For a socialist system that hesitates to fire people, China has also been surprisingly adept — more so than America — at dealing with ineffective teachers. Chinese principals can’t easily dismiss teachers, but they can get extra training for less effective teachers, or if that doesn’t work, push them into other jobs.Today in the United States it seems that Republicans and some Democrats are trying to blame all the ills of the country on unions. They say that the teachers' unions prevent good education, and they say that government employee unions are the cause for all government deficits. Both are lies. An article published in The New York Times on January 3rd by Steven Greenhouse entitled "Strained States Turning to Laws to Curb Labor Unions" (here). In Minnesota, the Republicans who now control both the House and the Senate (thank goodness we have Governor Dayton, a true progressive) are planning on introducing changes to make Minnesota a right to work state.
These objections to unions are just a part of the attack on the poor, those that are in any way different, those who have no power and those that are in need. These objections grow out of the ideology that there is only a very limited role for government. These objections support the continued economic gap between the richest Americans and the rest of us.
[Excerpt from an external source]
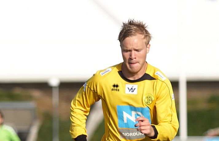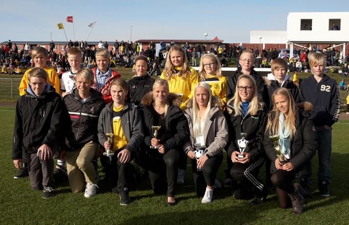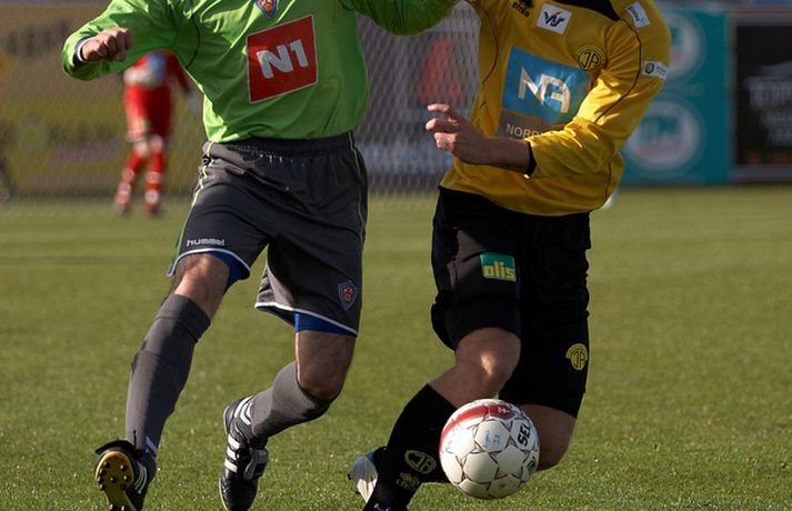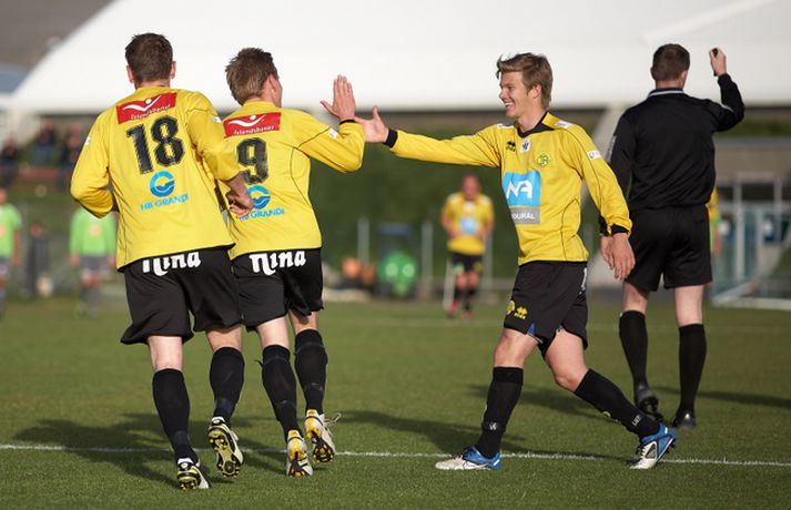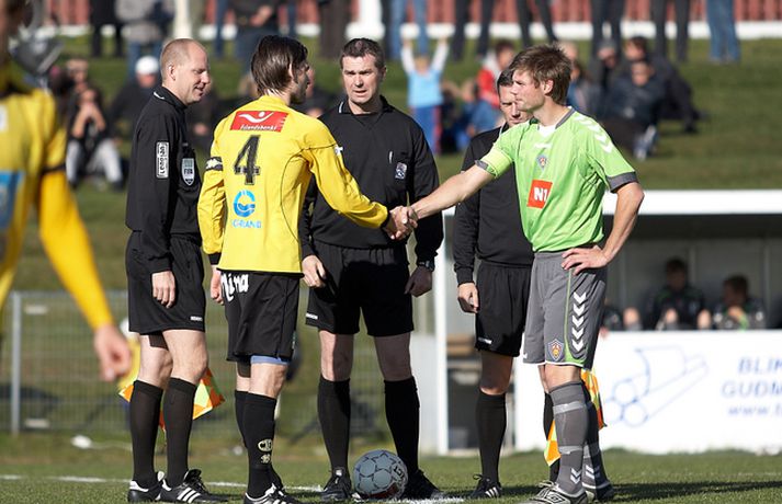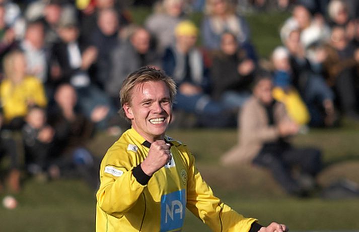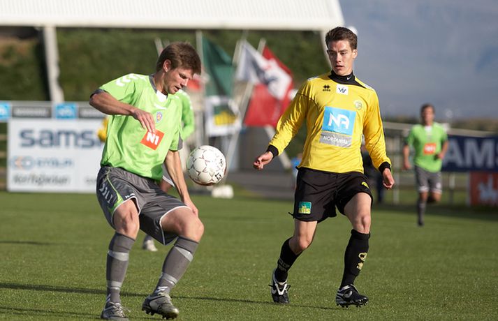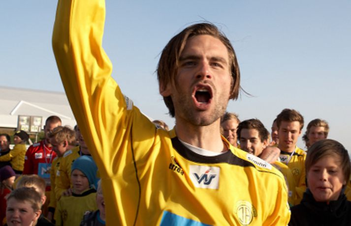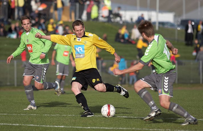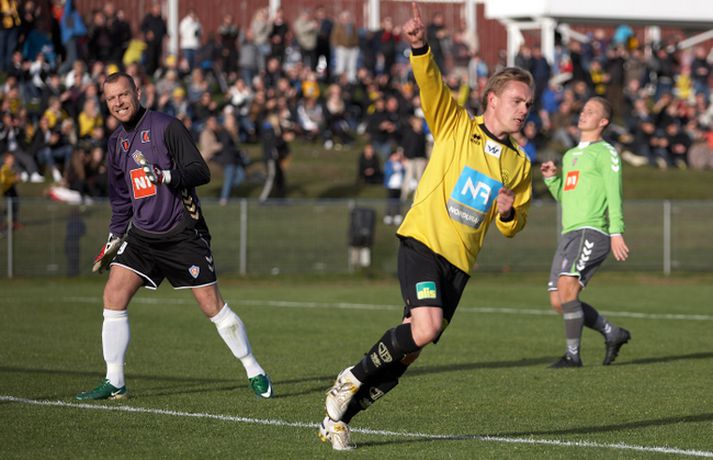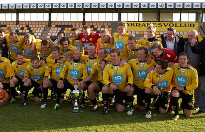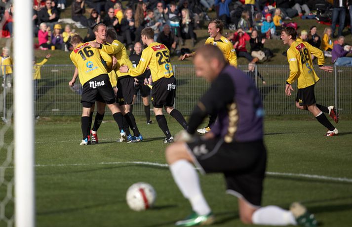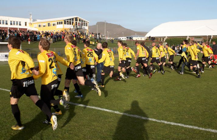 Skagamenn eru 1. deildarmeistarar í ár og þeir fengu bikarinn afhendan eftir 5-0 stórsigur á KA á Akranesi í gær. Skagamenn tryggðu sér sæti í Pepsi-deildinni fyrir 25 dögum og voru fyrir nokkru orðnir B-deildarmeistarar. Þetta er í þriðja sinn sem Skagamenn vinna B-deildina en þeir unnu hana einnig sumurin 1968 og 1991. Þá leið stuttur tími í að þeir unnu Íslandsbikarinn en ÍA vann hann 1970 á sínu öðru ári og árið 1992 varð félagið síðan fyrstu og einu nýliðarnir til að verða Íslandsmeistarar. Hjörtur Júlíus Hjartarson kom inn á sem varamaður á 58. mínútu í leiknum í gær og skoraði þrjú síðustu mörk Skagamanna í leiknum. Hjörtur hefur þar með skorað 15 mörk í 18 leikjum í 1. deildinni í sumar. Fannar Freyr Gíslason og Mark Doninger skoruðu tvö fyrstu mörk ÍA í leiknum. Skagamenn hafa unnið 16 af 21 leik sínum í 1. deildinni í sumar og hafa skorað í þeim 52 mörk gegn 13. ÍA vann 14 af 15 fyrstu leikjum sínum en gaf síðan aðeins eftir í næstu leikjum þegar úrvalsdeildarsætið var tryggt. Guðmundur Bjarki Halldórsson, ljósmyndari Fréttablaðsins og Vísis, var á leik ÍA og KA á Akranesvellinum í gær og náði þessum skemmtilegu myndum. Myndirnar má sjá í albúminu hér að neðan. Hægt er að sjá myndirnar stærri með því að smella á þær.

That gap is not good for the richest, for the rest of us, for our country, or for our world. A letter to the editor published today in The New York Times captured what I am trying to say very well.
To the Editor:
Once again, labor unions are under attack (“Strained States Turning to Laws to Curb Labor Unions,” front page, Jan. 4).
What is remarkable is the extent to which politicians (primarily, though not exclusively, Republicans) are using the current economic situation to fulfill longstanding political goals. We should not be surprised that the dominant response seems to be: weaken labor unions; undermine entitlement programs; cut taxes on the wealthy; privatize public assets; deregulate.
Not surprised, perhaps, but certainly angry. We got into this mess because of the greed and stupidity of bankers, and the willingness of legislators to deregulate the financial sector in the first place and permit a wide polarization of income and wealth.
No plausible case can be made that this economic crisis is somehow the fault of the elderly poor, or Medicaid recipients, or union members or the unemployed, but it is these people who are bearing the brunt of budget cuts and deregulation. Using an economic crisis as an excuse to reduce further the threadbare safety net and labor market protections — to further a political agenda that far predates our current sorry economic condition — is shameful.
Chris Howell
Oberlin, Ohio, Jan. 4, 2011
The writer is a professor of politics at Oberlin College.
We have lots of work. We need to speak out in favor of a government that provides for those least able to help themselves, that provides real opportunity for all, that provides our children with an education, that values all people and their distinct contributions to our country and that permits all of us to share in the fruits of our labors.